With forex reserves at $608.99B, India has emerged as the fifth-largest forex reserves holder in the world after China, Japan, Switzerland and Russia
India’s Minister of State for Finance Pankaj Chaudhary has announced that India has emerged as the fifth-largest forex reserves holder in the world after China, Japan, Switzerland and Russia with forex reserves at $608.99B as of June 25, 2021. He said this in a written reply to a question in the Lok Sabha (the lower house of India’s parliament).
He said that India’s forex reserves position is comfortable in terms of import cover of more than 18 months and provides a cushion against unforeseen external shocks. The government and RBI (Reserve Bank of India) are closely monitoring the emerging external position calibrating policies or regulations to support robust macroeconomic growth.
Giving more details, the Minister said that RBI takes regular steps for diversification of forex reserves by scaling up operations in forex swap and repo markets, acquisition of gold and exploring new markets/products, while adhering to safety and liquidity standards.
The RBI’s intervention in the forex market to smooth out exchange rate volatility, valuation changes due to movement of the US dollar against other international currencies in the reserve basket, movement in gold prices, interest earnings from the deployment of foreign currency assets, and inflow of aid receipts are the main causes of variation in India’s forex reserves.

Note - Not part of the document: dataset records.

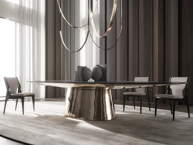 Metal details enhance its lines and particular attention is paid to the hand-crafted finishes. The overall result is pleasant comfort, accommodating all postures. The Hergon concept is based on a commitment to transforming the identity of the typically rigid backrest, making it truly high-performance and welcoming.
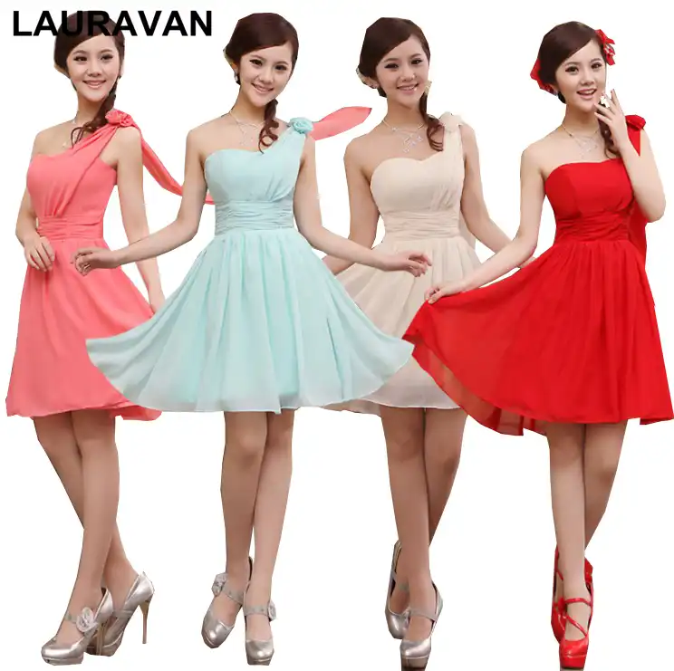 Sugerente Vestido Formal Para Damas De Honor Vestidos Para Novias En Rojo Y Azul Elegantes Para Fiesta De Damas De Honor De Gasa Vestidos Cortos De Un Hombro Color Champan Vestidos Para Dama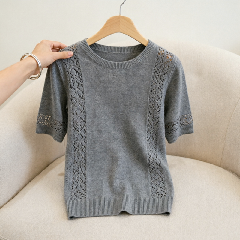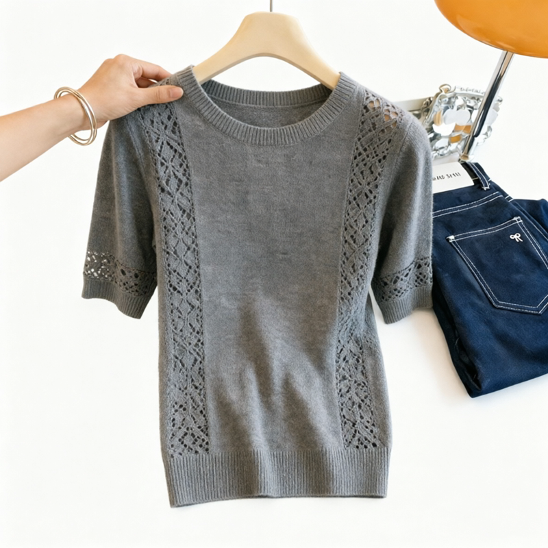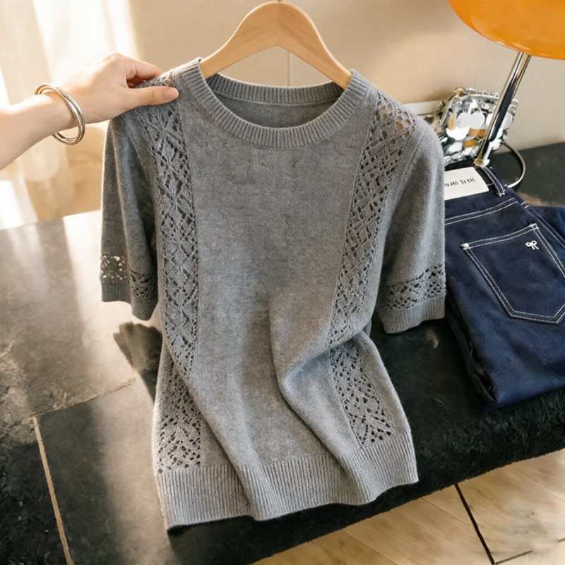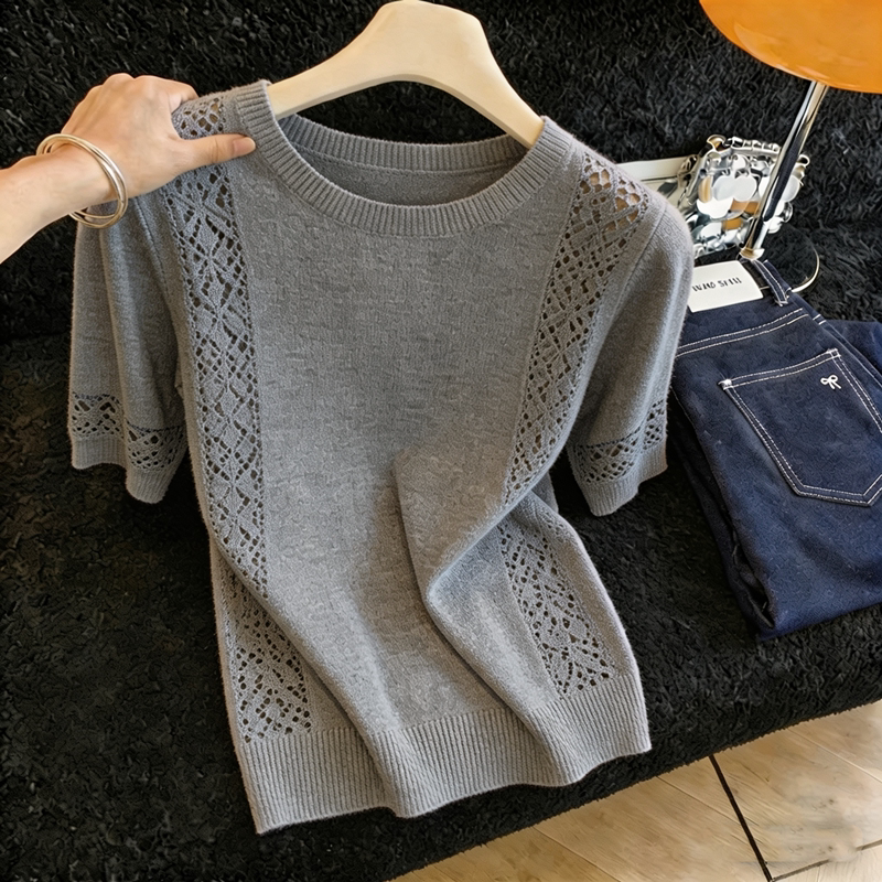 📚 胖MM复古风洋气圆领短袖针织衫女夏季新款超好看勾花镂空显瘦上衣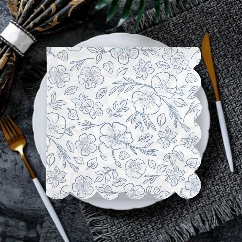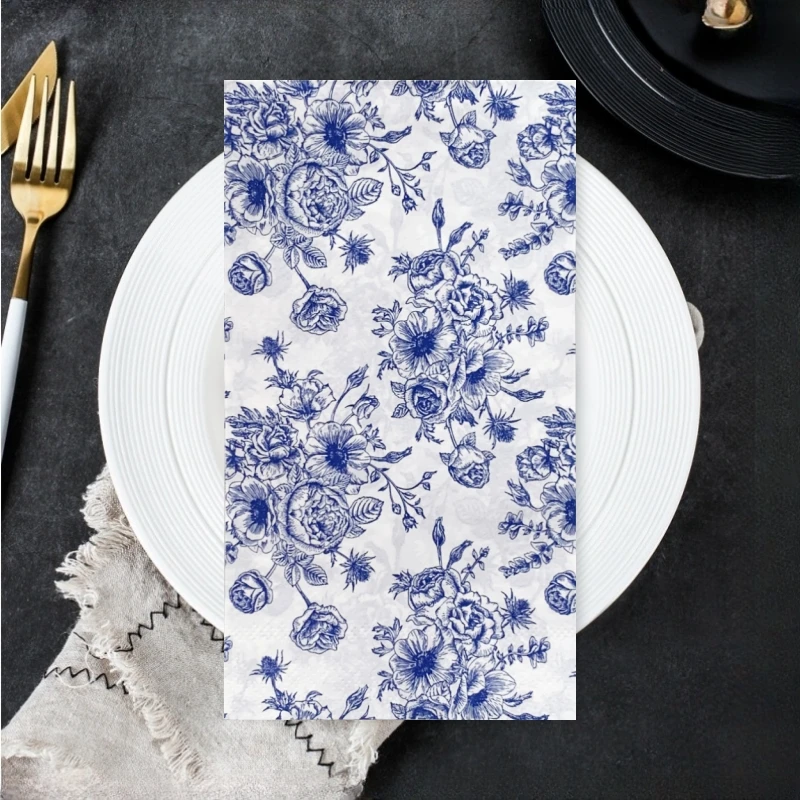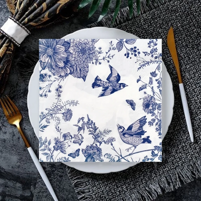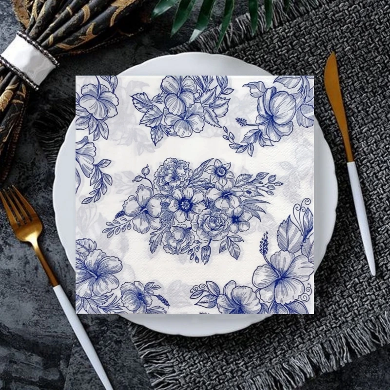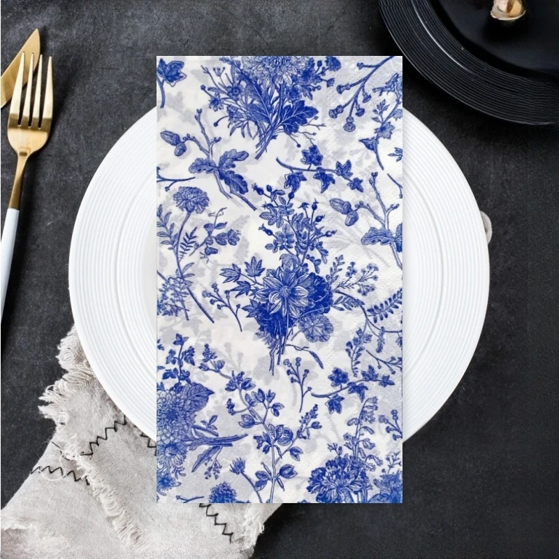 20/8Pcs 빈티지 파란색과 흰색 도자기 Decoupage 종이 냅킨 파티 결혼식을위한 꽃 종이 조직 크리스마스 용품 새로운 2025

The minister stated that a current account deficit, accompanied by increasing foreign exchange reserves, reflects a surplus on the balance of payments i.e., the magnitude of the net capital inflows exceeds the volume of the current account deficit. In 2020-21, India’s balance of payments recorded a surplus in both current account and capital account which contributed to the increase in foreign exchange reserves during the year.
He said that besides exports and imports of goods and services, the overall stability of the external sector depends on other components of the balance of payments including remittances (transfers), income in the current account, the size of net capital flows and external debt. India is comfortable in most of these external sector vulnerability indicators.